• _Work instruction_
Would you output the listing exactly, with every image omitted?

• _Data for analysis_
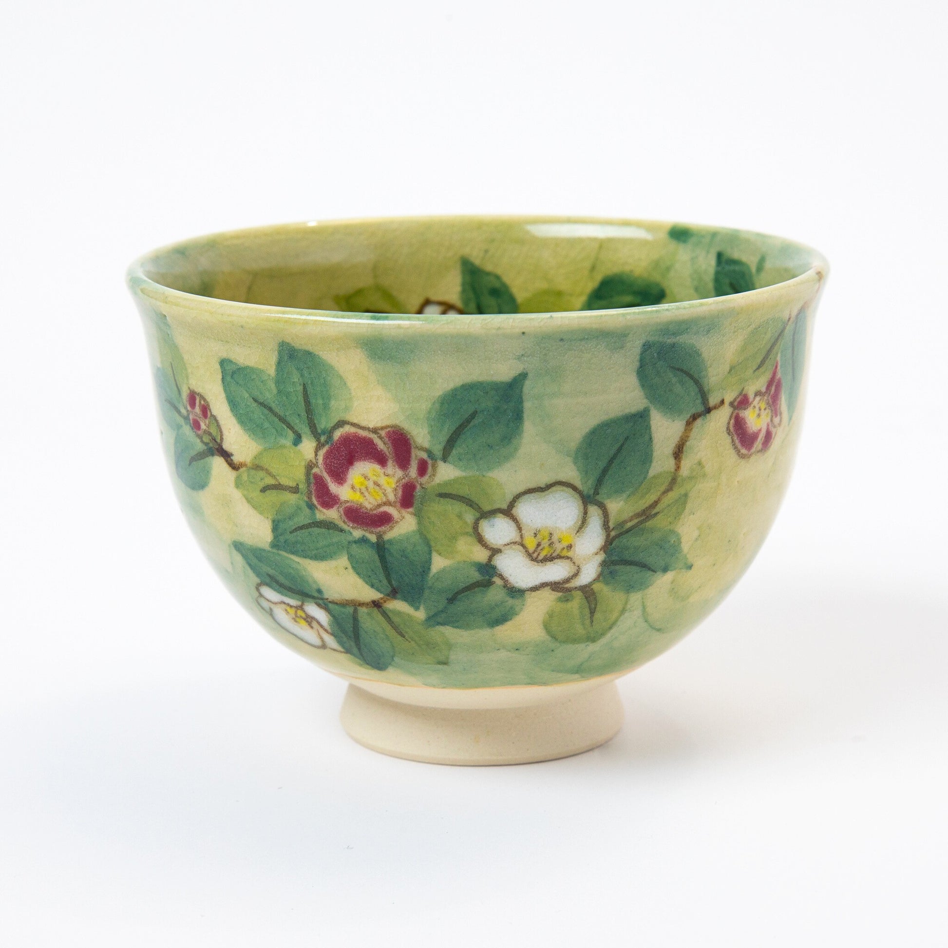 A celebration of craftsmanship, seasonality, and ritual. This exclusive set brings together artisan-made tools and organic tea for an elevated matcha experience. At its heart is the Yabu Camellia matcha bowl, hand-painted by Tosen Kiln with soft brushwork and vivid camellia blooms. It is paired with a matching whisk stand, also crafted by Tosen, offering both beauty and practical care for your chasen.
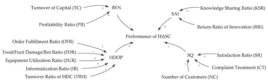 As a strategic alliance, the economic benefit is the most direct indicator to assess the performance and stability of the alliance [134]. Moreover, as a home-delivery-oriented supply chain, the operation efficiency and service quality decide the competitiveness, market size, and development of the alliance [135]. On the other hand, to follow the trend of social development, the new emerging industry must continuously research to promote the development of the alliance. Therefore, this paper selected benefit (BEN), home-delivery operation process (HDOP), service quality (SQ), study and innovation (SAI) [136,137,138,139,140,141] as four main indicators to build the performance appraisal subsystem of the HASC alliance (Figure 13).
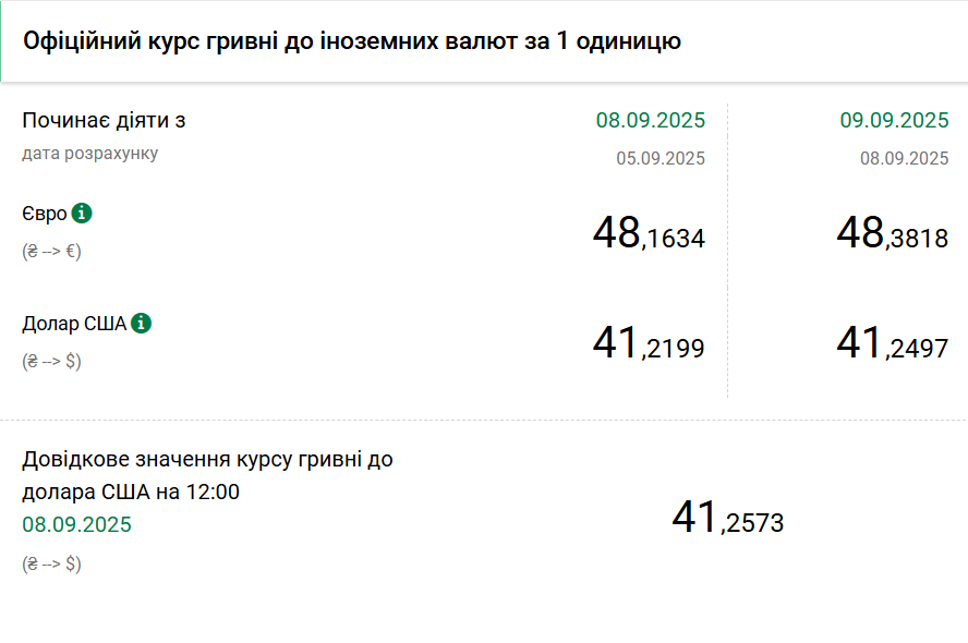 - 1 долар США - 41,24 грн (41,21 грн станом на 8 вересня);
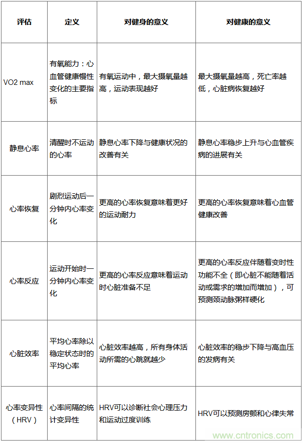 【導讀】在日益數(shù)字化的世界中,光學心率傳感器在可穿戴設(shè)備中的應用越來越廣泛。這些設(shè)備中數(shù)不清的應用可提供從個人活動、健身水平到健康狀況的所有內(nèi)容。精準的生物識別傳感器數(shù)據(jù)可以提供準確的健身/健康評估,但設(shè)計師和工程師究竟能用這些評估做些什么呢?表1總結(jié)了目前在健身應用中使用的一些常見評估,這些評估也證明了健康醫(yī)療的意義。
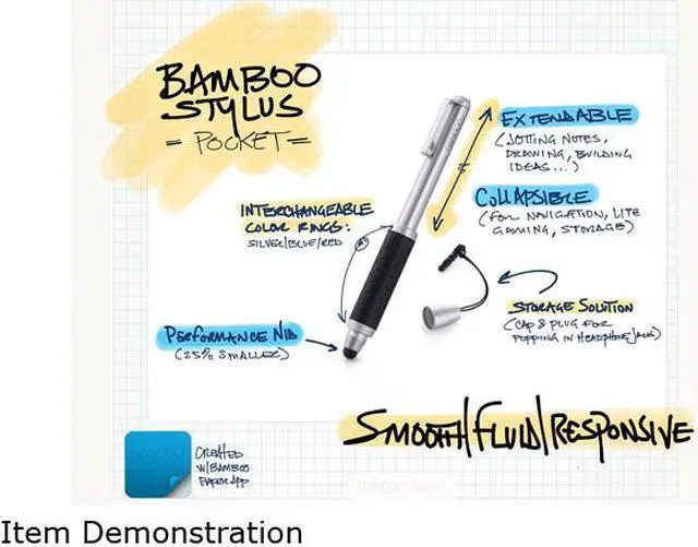 An ideal choice for commuters, travelers, and other mobile users, the Bamboo Stylus Pocket helps you unleash the creative potential of your tablet or smartphone while you're on the go. This convenient touchscreen-optimized stylus features a collapsible, pocket-sized design that extends into a full-sized writing instrument. It also features a balanced design suited for sketching, drawing, note-taking, highlighting, and other forms of creative expression. Pocket-Sized, Expandable Stylus The Bamboo Stylus Pocket features a compact design that easily slips into a pocket or handbag. Thanks to the Pocket's convenient, collapsible barrel, you can easily expand it into a full-sized writing instrument when you're ready to write. The stylus even comes with a cap with a 3.5-millimeter adapter, so you can plug it into your device's headphone jack to keep your stylus and tablet together for storage. And with the included interchangeable color rings, you can personalize your stylus and mark it as your own. Elegant Design with a Smooth, Natural Feel The Bamboo Stylus Pocket combines comfort and elegance with its sophisticated design, satin-textured metal body, and balanced weighting. With its natural and comfortable grip, it delivers responsiveness and performance that rivals that of a high-end pen. Expand the Versatility of Your Tablet The Bamboo Stylus Pocket makes your tablet even more versatile by making it possible to take handwritten notes, highlight text, edit documents, and sketch out ideas. With the stylus, you can turn your tablet into an artist's canvas one moment and a notepad the next. Use it with creative apps to make your own art, capture your ideas, or edit photos.
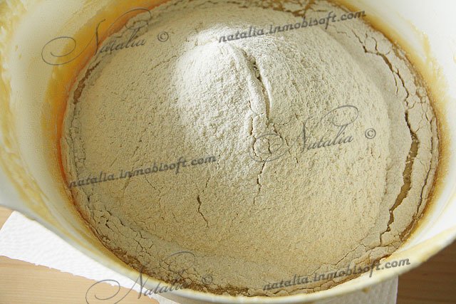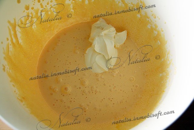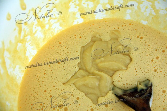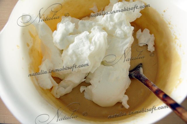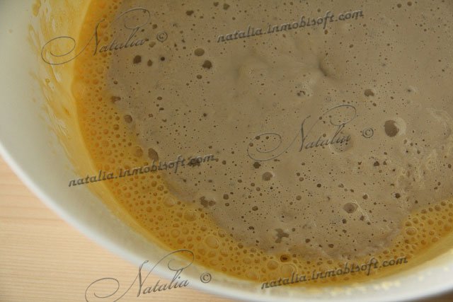 | Затем к желткам добавляем опару и перемешиваем. Добавляем примерно 1/2 ст. муки чтоб тесто получилось как жидкая сметана. | |
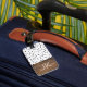Passen Sie diese rustikale, schicke, moderne Gepäckmarke mit Ihren Initialen an. Das Design weist ein modernes Schwarz-Weiß-Muster auf, das oben mit dunklem Holzboden auf der Unterseite versehen ist.
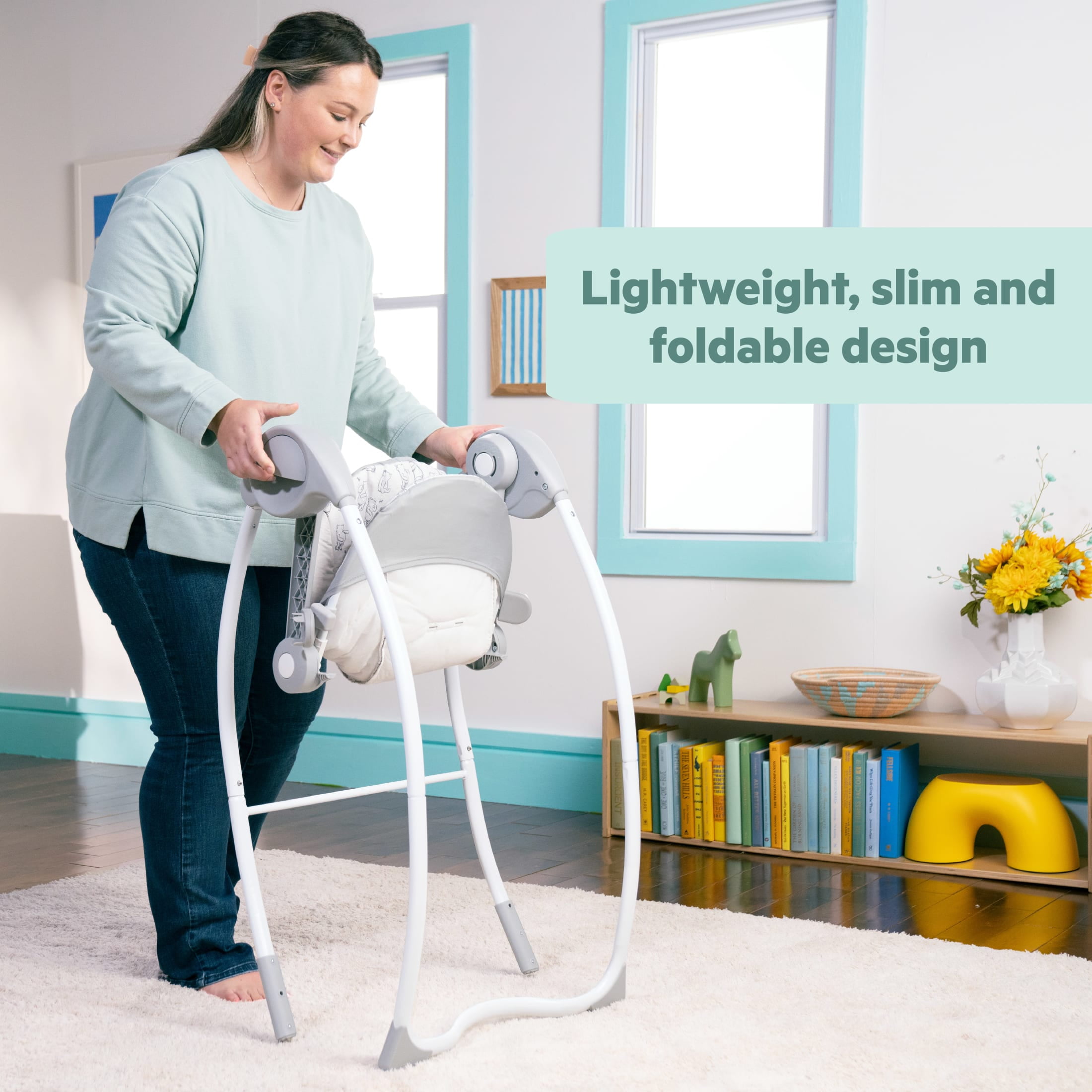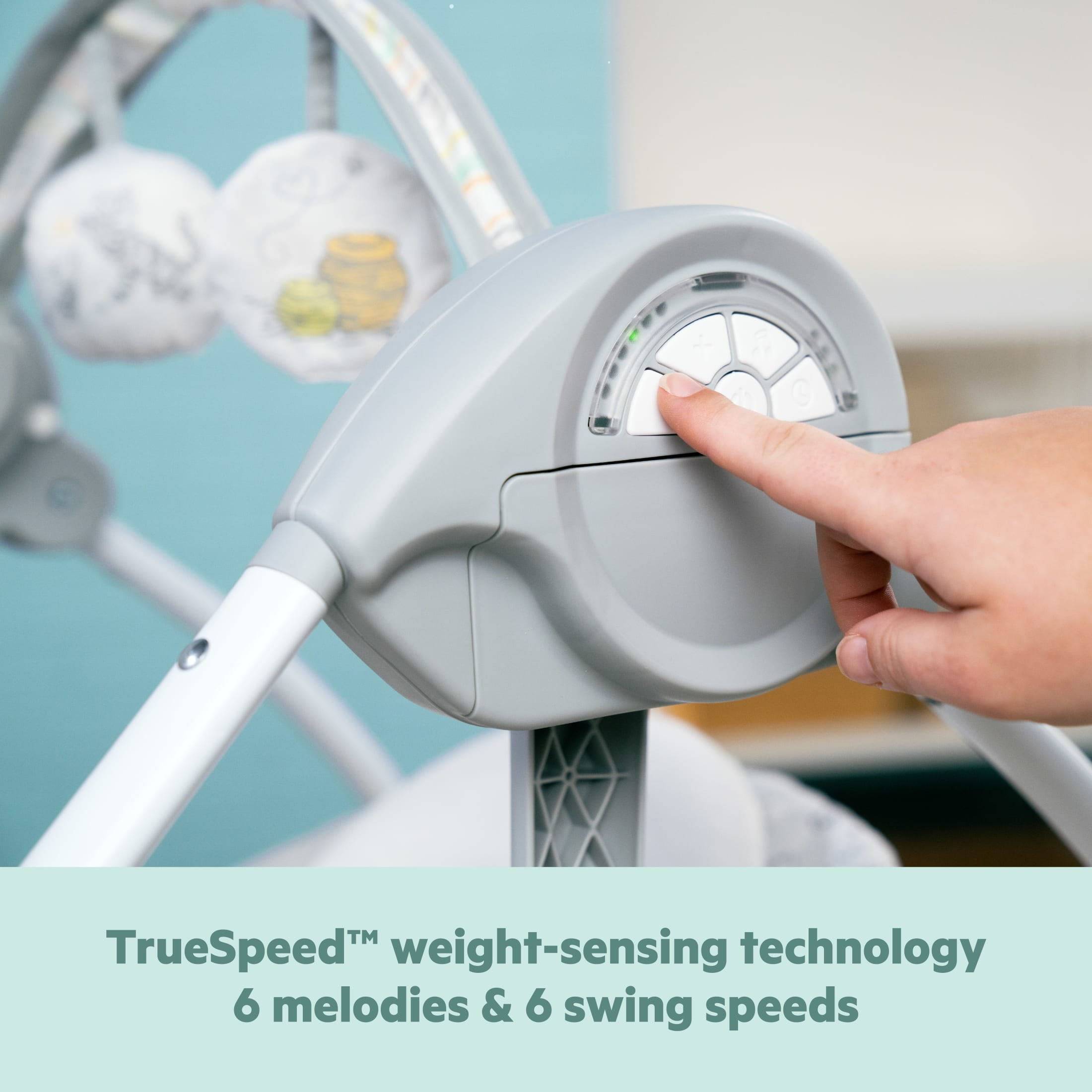 Bright Starts Disney Baby Winnie the Pooh Milestone Swing features 2 stages of interactive play: overhead for reaching/batting and in-front for more advanced activities Newborns can gaze up & bat at the overhead toy bar with Tigger crinkle toy and sun plush toy with tags; older babies can grasp & play with the bead chaser and spinning mirror toys on the lower activity bar Winnie the Pooh themed fabrics and toys introduce baby to the Hundred Acre Wood; 6 Pooh inspired melodies provide extra entertainment 6 swing speeds, 2 recline positions, 30/60/90-second timer & TrueSpeed weight-sensing technology make this the ultimate adaptable swing for baby’s needs Features a 5-point safety harness; this milestone swing is third party tested and approved; slim, foldable design is easy to store and take on the go Cleaning is a breeze with removable seat pad/headrest and wipeable pieces; no tools required for assembly; for babies 0 to 9 months or up to 20lb; 4 C batteries required (not included)

• _Result of this exercise_
 A celebration of craftsmanship, seasonality, and ritual. This exclusive set brings together artisan-made tools and organic tea for an elevated matcha experience. At its heart is the Yabu Camellia matcha bowl, hand-painted by Tosen Kiln with soft brushwork and vivid camellia blooms. It is paired with a matching whisk stand, also crafted by Tosen, offering both beauty and practical care for your chasen.
 As a strategic alliance, the economic benefit is the most direct indicator to assess the performance and stability of the alliance [134]. Moreover, as a home-delivery-oriented supply chain, the operation efficiency and service quality decide the competitiveness, market size, and development of the alliance [135]. On the other hand, to follow the trend of social development, the new emerging industry must continuously research to promote the development of the alliance. Therefore, this paper selected benefit (BEN), home-delivery operation process (HDOP), service quality (SQ), study and innovation (SAI) [136,137,138,139,140,141] as four main indicators to build the performance appraisal subsystem of the HASC alliance (Figure 13).
 - 1 долар США - 41,24 грн (41,21 грн станом на 8 вересня);
 【導讀】在日益數(shù)字化的世界中,光學心率傳感器在可穿戴設(shè)備中的應用越來越廣泛。這些設(shè)備中數(shù)不清的應用可提供從個人活動、健身水平到健康狀況的所有內(nèi)容。精準的生物識別傳感器數(shù)據(jù)可以提供準確的健身/健康評估,但設(shè)計師和工程師究竟能用這些評估做些什么呢?表1總結(jié)了目前在健身應用中使用的一些常見評估,這些評估也證明了健康醫(yī)療的意義。
 An ideal choice for commuters, travelers, and other mobile users, the Bamboo Stylus Pocket helps you unleash the creative potential of your tablet or smartphone while you're on the go. This convenient touchscreen-optimized stylus features a collapsible, pocket-sized design that extends into a full-sized writing instrument. It also features a balanced design suited for sketching, drawing, note-taking, highlighting, and other forms of creative expression. Pocket-Sized, Expandable Stylus The Bamboo Stylus Pocket features a compact design that easily slips into a pocket or handbag. Thanks to the Pocket's convenient, collapsible barrel, you can easily expand it into a full-sized writing instrument when you're ready to write. The stylus even comes with a cap with a 3.5-millimeter adapter, so you can plug it into your device's headphone jack to keep your stylus and tablet together for storage. And with the included interchangeable color rings, you can personalize your stylus and mark it as your own. Elegant Design with a Smooth, Natural Feel The Bamboo Stylus Pocket combines comfort and elegance with its sophisticated design, satin-textured metal body, and balanced weighting. With its natural and comfortable grip, it delivers responsiveness and performance that rivals that of a high-end pen. Expand the Versatility of Your Tablet The Bamboo Stylus Pocket makes your tablet even more versatile by making it possible to take handwritten notes, highlight text, edit documents, and sketch out ideas. With the stylus, you can turn your tablet into an artist's canvas one moment and a notepad the next. Use it with creative apps to make your own art, capture your ideas, or edit photos.
 | Затем к желткам добавляем опару и перемешиваем. Добавляем примерно 1/2 ст. муки чтоб тесто получилось как жидкая сметана. | |
Passen Sie diese rustikale, schicke, moderne Gepäckmarke mit Ihren Initialen an. Das Design weist ein modernes Schwarz-Weiß-Muster auf, das oben mit dunklem Holzboden auf der Unterseite versehen ist.
 Bright Starts Disney Baby Winnie the Pooh Milestone Swing features 2 stages of interactive play: overhead for reaching/batting and in-front for more advanced activities Newborns can gaze up & bat at the overhead toy bar with Tigger crinkle toy and sun plush toy with tags; older babies can grasp & play with the bead chaser and spinning mirror toys on the lower activity bar Winnie the Pooh themed fabrics and toys introduce baby to the Hundred Acre Wood; 6 Pooh inspired melodies provide extra entertainment 6 swing speeds, 2 recline positions, 30/60/90-second timer & TrueSpeed weight-sensing technology make this the ultimate adaptable swing for baby’s needs Features a 5-point safety harness; this milestone swing is third party tested and approved; slim, foldable design is easy to store and take on the go Cleaning is a breeze with removable seat pad/headrest and wipeable pieces; no tools required for assembly; for babies 0 to 9 months or up to 20lb; 4 C batteries required (not included)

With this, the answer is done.